Raw data
┌──

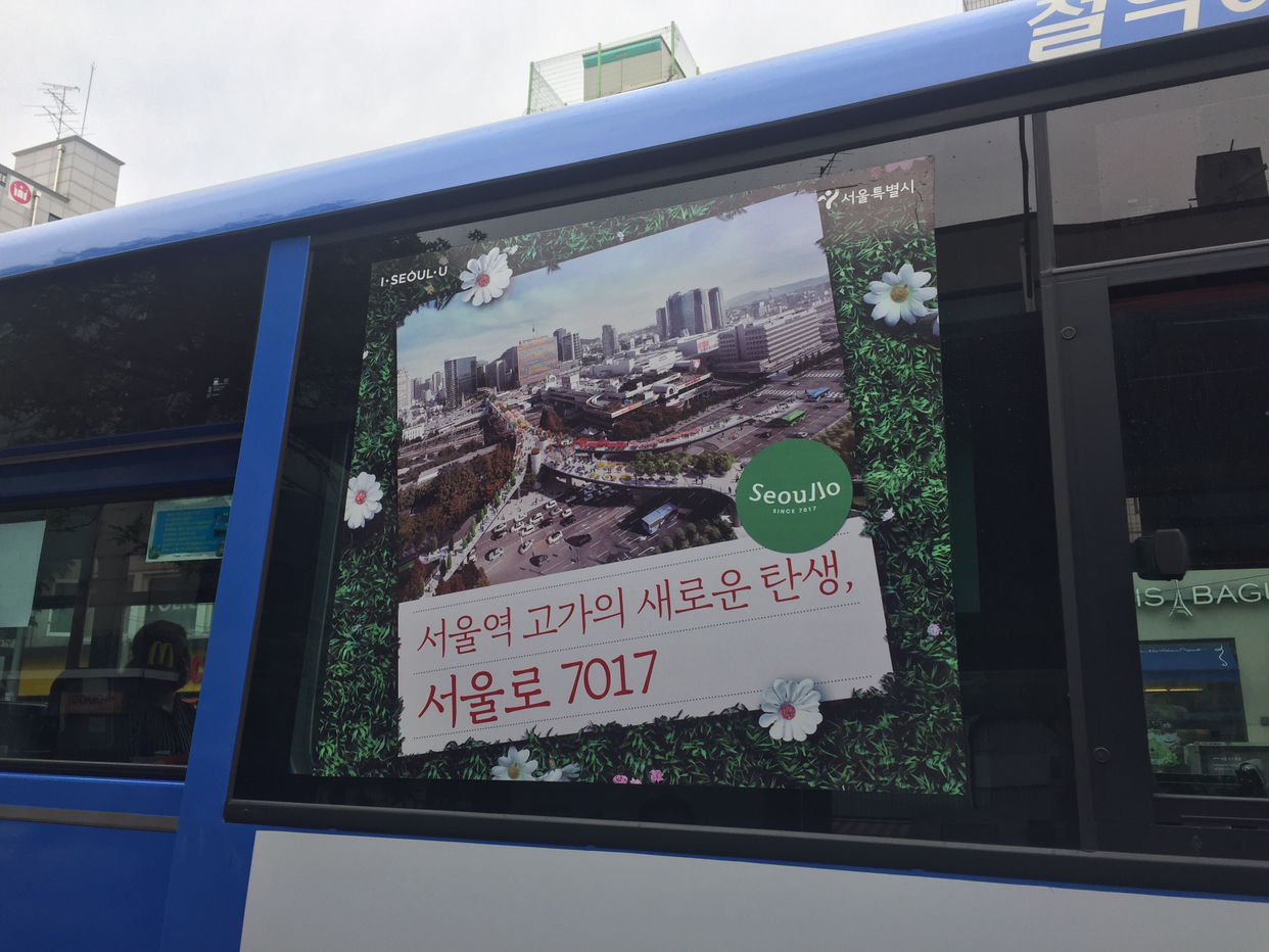 우리를 서울역 시계탑으로 이끈 건 <서울로 7017>이었다. 정원이 된 옛 고가다리, 요즘 가장 핫한 그곳. 서울역행 버스 곳곳에서 우리를 반기고 있었다.
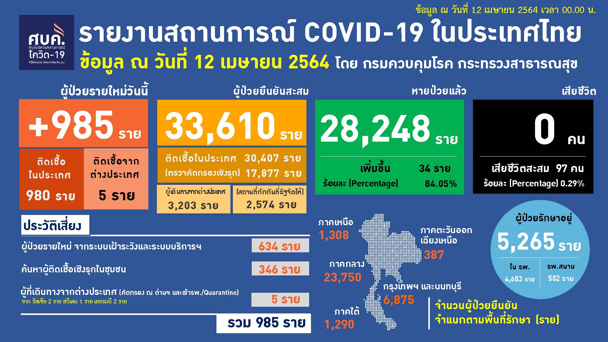 ศูนย์ข้อมูล COVID-19 รายงานสถานการณ์การติดเชื้อโควิด-19 ในประเทศประจำวันที่ 12 เมษายน 2564 ผู้ป่วยรายใหม่ 985 ราย ผู้ป่วยยืนยันสะสม 33,610 ราย หายป่วยเพิ่ม 34 สะสมแล้ว 28,248 ราย เสียชีวิตสะสม 97 ราย ยังรักษาตัวอยู่ 5,265 ราย
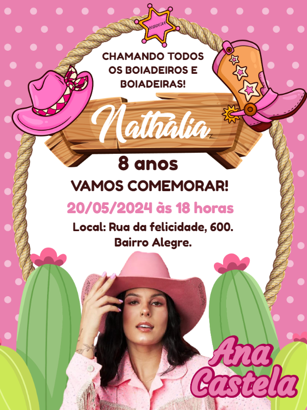 Chame toda a galera para uma festa no estilo Boiadeira com este convite incrível da Ana Castela! Com um design country super charmoso em tons de rosa, com botas, chapéus e cactos, é a escolha perfeita para um aniversário inesquecível. Personalize você mesmo em minutos! Edite facilmente online, inserindo o nome da aniversariante, idade, data, hora e o local da comemoração. Assim que terminar, o download é liberado na hora. Ideal para compartilhar online com seus convidados ou para imprimir. Crie agora e prepare-se para a festa
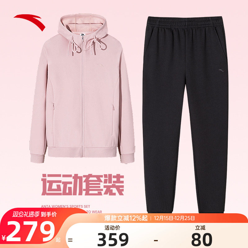 安踏运动套装女款2025新款秋冬连帽外套长裤两件套加绒保暖女装
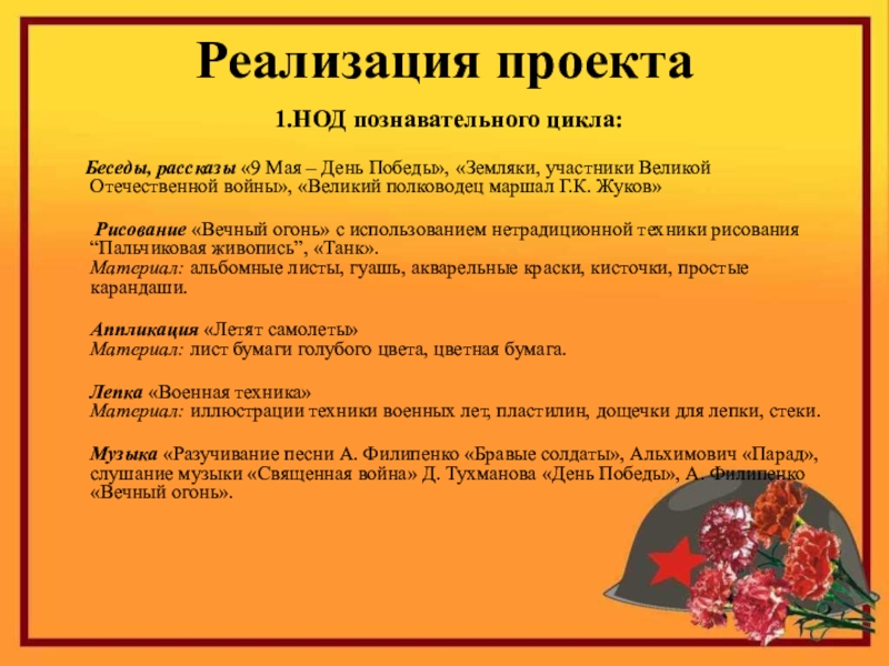 Музыка «Разучивание песни А. Филипенко «Бравые солдаты», Альхимович «Парад», слушание музыки «Священная война» Д. Тухманова «День Победы», А. Филипенко «Вечный огонь».
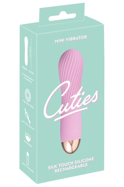 Roze mini vibrator met een opwindende gegroefde textuur en een fluweelzachte textuur. Deze mini vibrator is van de tweede generatie Cuties. Met 7 verschillende vibratiestanden. Hij kan worden opgeladen met de meegeleverde USB-kabel. Eenvoudig in gebruik en in een elegant design. Waterbestendig.
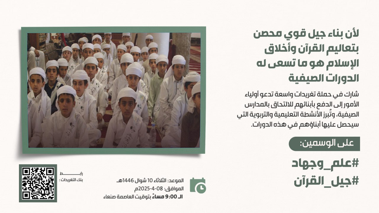 تنطلق في الساعة التاسعة مساء اليوم حملة تغريدات على موقع التواصل الاجتماعي “إكس” حول أهمية الدورات الصيفية في بناء جيل قوي محصن بتعاليم القرآن وأخلاق الإسلام.
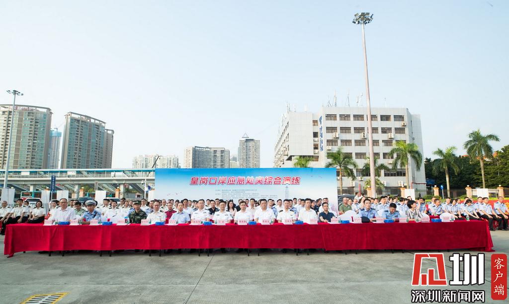 福田區(qū)委副書記黃曉鵬,福田區(qū)委常委、人民武裝部部長李惟海,福田區(qū)人民政府副區(qū)長、市公安局福田分局局長、黨委書記江峰,深圳海關(guān)黨組成員、皇崗海關(guān)關(guān)長王味冰,深圳邊檢總站黨委委員、副總站長、皇崗邊檢站站長陳宏軍,深圳市反恐辦、深圳市口岸辦、以及各參演單位領(lǐng)導(dǎo)現(xiàn)場檢閱觀摩了本場演練。
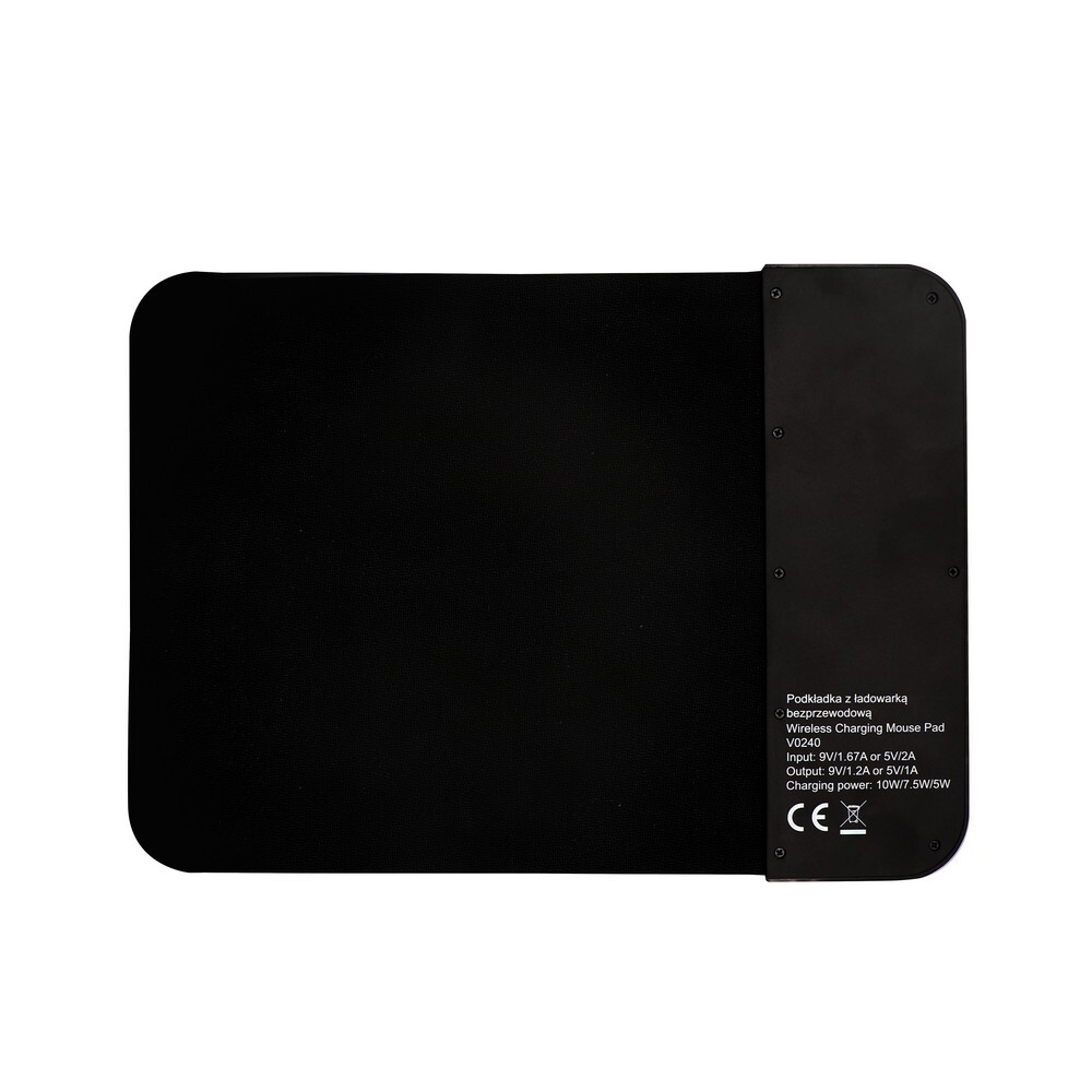 Podkładka pod mysz, bezprzewodowa ładowarka 10W, działa z telefonami posiadającymi możliwość ładowania indukcyjnego, moc ładowania bezprzewodowego: 10W/7.5W/5W, wejście micro USB: 9V/1.67A lub 5V/2A, wyjście: 9V/1.2A lub 5V/1A, kabel micro USB w komplecie
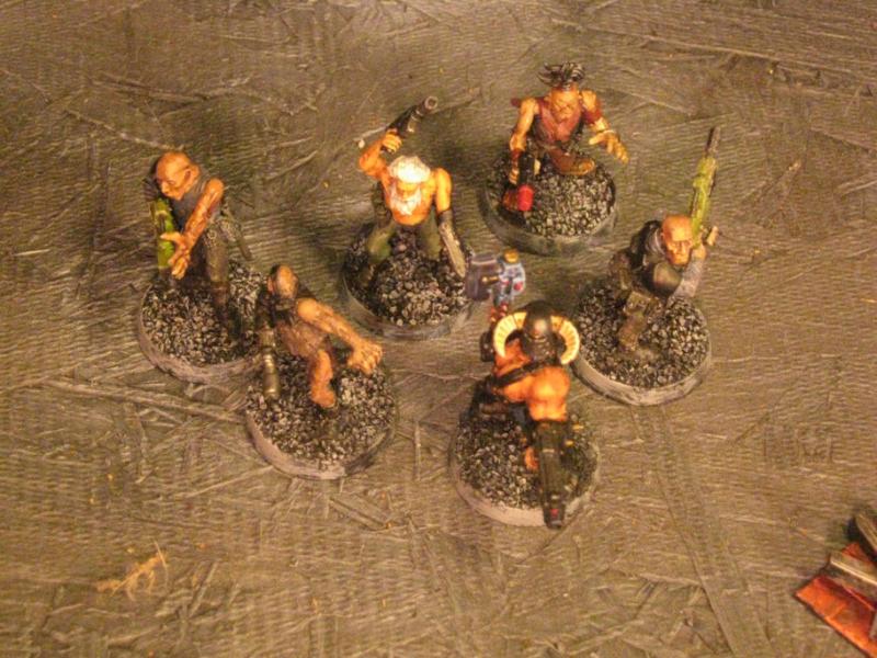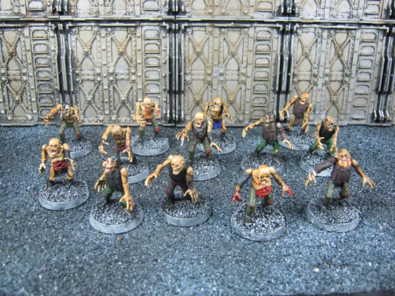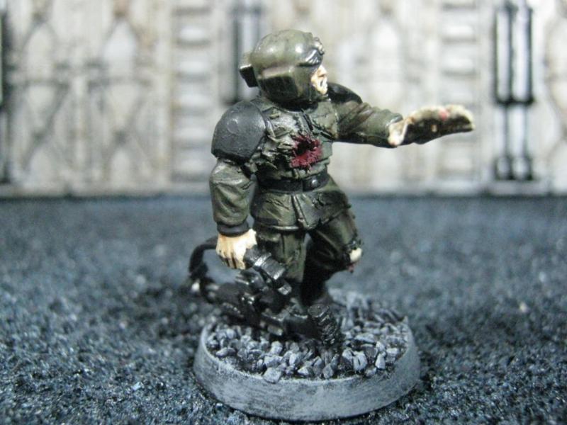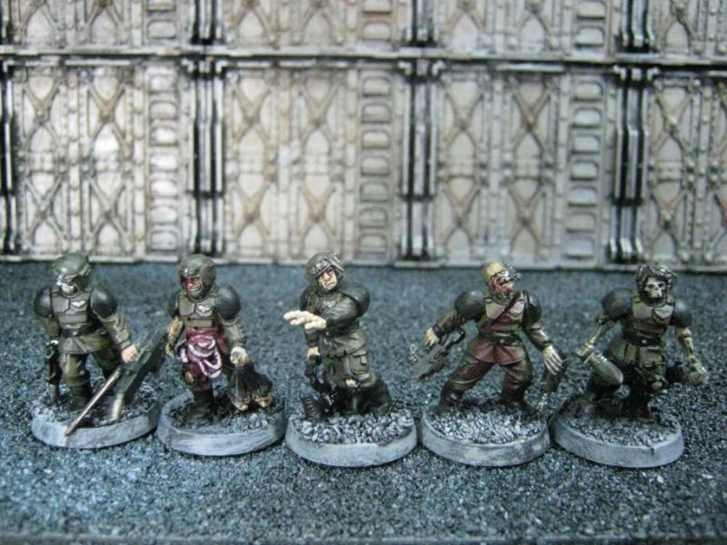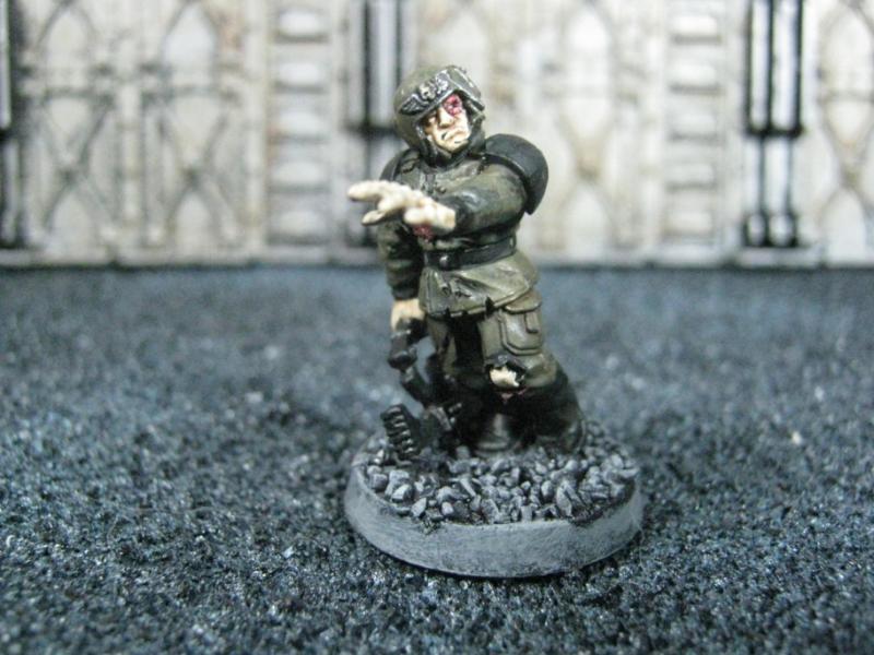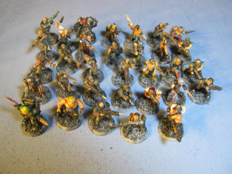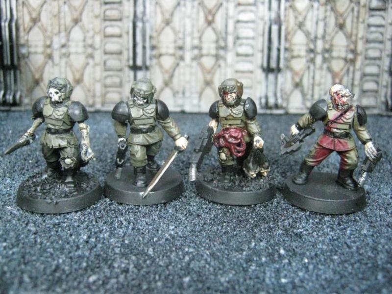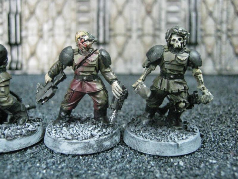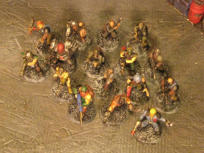 The WFB Zombies and W40K Cadians plastic sets are going to be used a lot in this force. Other bits are from the original Necromunda set and even the original Imperial Guard plastics.

└──

What to work on
Nothing but an exact transcription of the material, without pictures, should be returned.

Answer box
 우리를 서울역 시계탑으로 이끈 건 <서울로 7017>이었다. 정원이 된 옛 고가다리, 요즘 가장 핫한 그곳. 서울역행 버스 곳곳에서 우리를 반기고 있었다.
 ศูนย์ข้อมูล COVID-19 รายงานสถานการณ์การติดเชื้อโควิด-19 ในประเทศประจำวันที่ 12 เมษายน 2564 ผู้ป่วยรายใหม่ 985 ราย ผู้ป่วยยืนยันสะสม 33,610 ราย หายป่วยเพิ่ม 34 สะสมแล้ว 28,248 ราย เสียชีวิตสะสม 97 ราย ยังรักษาตัวอยู่ 5,265 ราย
 Chame toda a galera para uma festa no estilo Boiadeira com este convite incrível da Ana Castela! Com um design country super charmoso em tons de rosa, com botas, chapéus e cactos, é a escolha perfeita para um aniversário inesquecível. Personalize você mesmo em minutos! Edite facilmente online, inserindo o nome da aniversariante, idade, data, hora e o local da comemoração. Assim que terminar, o download é liberado na hora. Ideal para compartilhar online com seus convidados ou para imprimir. Crie agora e prepare-se para a festa
 安踏运动套装女款2025新款秋冬连帽外套长裤两件套加绒保暖女装
 Музыка «Разучивание песни А. Филипенко «Бравые солдаты», Альхимович «Парад», слушание музыки «Священная война» Д. Тухманова «День Победы», А. Филипенко «Вечный огонь».
 Roze mini vibrator met een opwindende gegroefde textuur en een fluweelzachte textuur. Deze mini vibrator is van de tweede generatie Cuties. Met 7 verschillende vibratiestanden. Hij kan worden opgeladen met de meegeleverde USB-kabel. Eenvoudig in gebruik en in een elegant design. Waterbestendig.
 تنطلق في الساعة التاسعة مساء اليوم حملة تغريدات على موقع التواصل الاجتماعي “إكس” حول أهمية الدورات الصيفية في بناء جيل قوي محصن بتعاليم القرآن وأخلاق الإسلام.
 福田區(qū)委副書記黃曉鵬,福田區(qū)委常委、人民武裝部部長李惟海,福田區(qū)人民政府副區(qū)長、市公安局福田分局局長、黨委書記江峰,深圳海關(guān)黨組成員、皇崗海關(guān)關(guān)長王味冰,深圳邊檢總站黨委委員、副總站長、皇崗邊檢站站長陳宏軍,深圳市反恐辦、深圳市口岸辦、以及各參演單位領(lǐng)導(dǎo)現(xiàn)場檢閱觀摩了本場演練。
 Podkładka pod mysz, bezprzewodowa ładowarka 10W, działa z telefonami posiadającymi możliwość ładowania indukcyjnego, moc ładowania bezprzewodowego: 10W/7.5W/5W, wejście micro USB: 9V/1.67A lub 5V/2A, wyjście: 9V/1.2A lub 5V/1A, kabel micro USB w komplecie
 The WFB Zombies and W40K Cadians plastic sets are going to be used a lot in this force. Other bits are from the original Necromunda set and even the original Imperial Guard plastics.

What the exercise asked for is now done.